TÓHAJIILEE, N.M. – When Navajo Nation President Buu Nygren’s schedule suddenly became free, rather than head back to the office, he decided to visit with students to talk to them about their future.
President Nygren went to the To’Hajiilee Community School in To’Hajiilee, New Mexico, and to the Native American Community Academy in Albuquerque, where he spoke to high school students at both schools. He shared his personal story. After asking the Navajo students what their clans were, he learned what wanted to do when they graduate from high school.
The visit began with a small group of 15 students. At first the students were nervous to have the Navajo Nation President enter their all-purpose room, pick up a mic and begin to talk. It wasn’t long before they began engaging with the president because he told them he understood how they felt and told them so.
“I was the oldest from my high school to graduate from college,” he said. “I wanted to be an aerospace engineer but at first I had trouble with the math, so it didn’t work out.”
Like many of the students, he didn’t have running water or electricity growing up which made everyday living harder for him and his late mother Charlotte Slim Toney. His uncles taught him how to build things and so he always loved construction.
That led him to pursue a major in construction management and technology. He discovered his true passion, and that took him all over the country in a job he once could only dream of.
His message to students reflected his realization that education will take you to the future of your dreams and your dreams will tell you what you love to do.
“Do what brings joy to your heart,” he told them. “What makes you want to get up every single day? Go after that. Don’t let anyone tell you that you can’t because you can, and only you can make it happen.”

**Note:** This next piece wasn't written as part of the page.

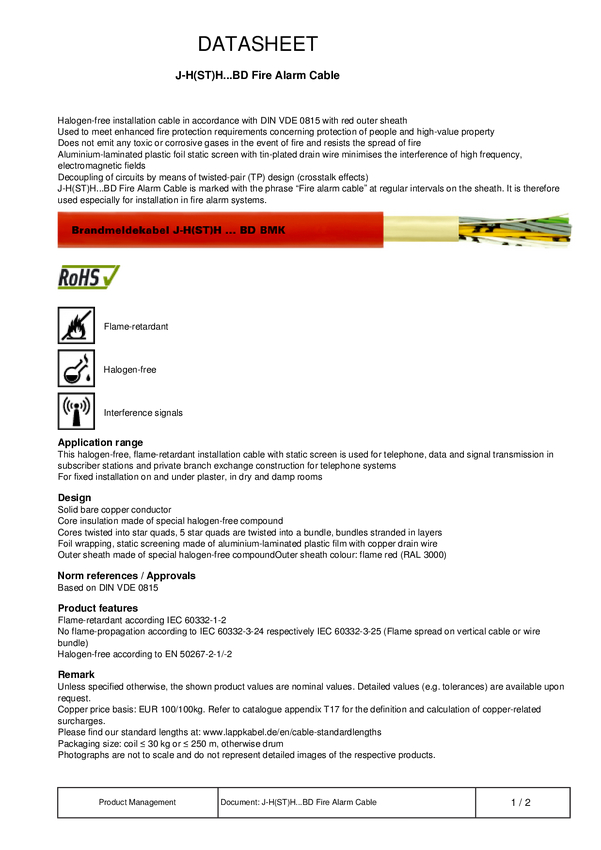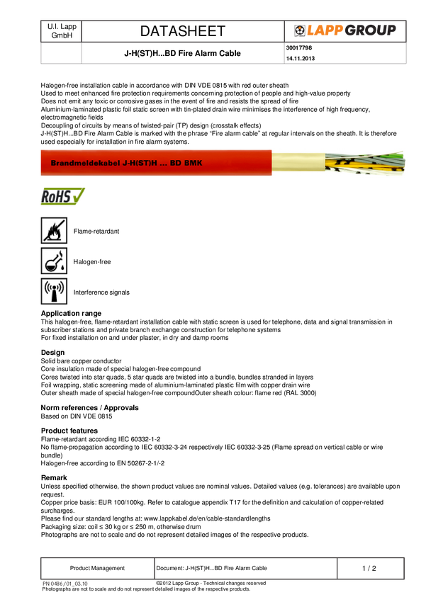 LAPP 30017798/500 Kabel przeciwpożarowy J-H(St)H 2 x 2 x 0.8 mm czerwony 500 m

One student told him she wanted to be a veterinarian, and how another student said they wanted to be a welder. One said she was going to college for a criminal justice degree, another to be a dental hygienist.
He told the students that he really appreciated their focus, they’re desire and their bravery to pursue a goal.
“Don’t be afraid of mistakes,” he said. “Don’t be afraid to fail.”
The president said one key thing the students should know is that they will learn throughout their entire lives.
“Don’t let not knowing something make you afraid,” he said. “There will always be something you don’t know and there’s always something more, something new, to learn.”
He said when he was their age, excellent advice he was given was something simple that builds strong relationships and makes the people around you feel good.
“As you move along in life, say, ‘Thank you, Ahéhee’,” he said. “In Navajo, we say, ‘Thank you.’ That kind of attitude opens doors for you.”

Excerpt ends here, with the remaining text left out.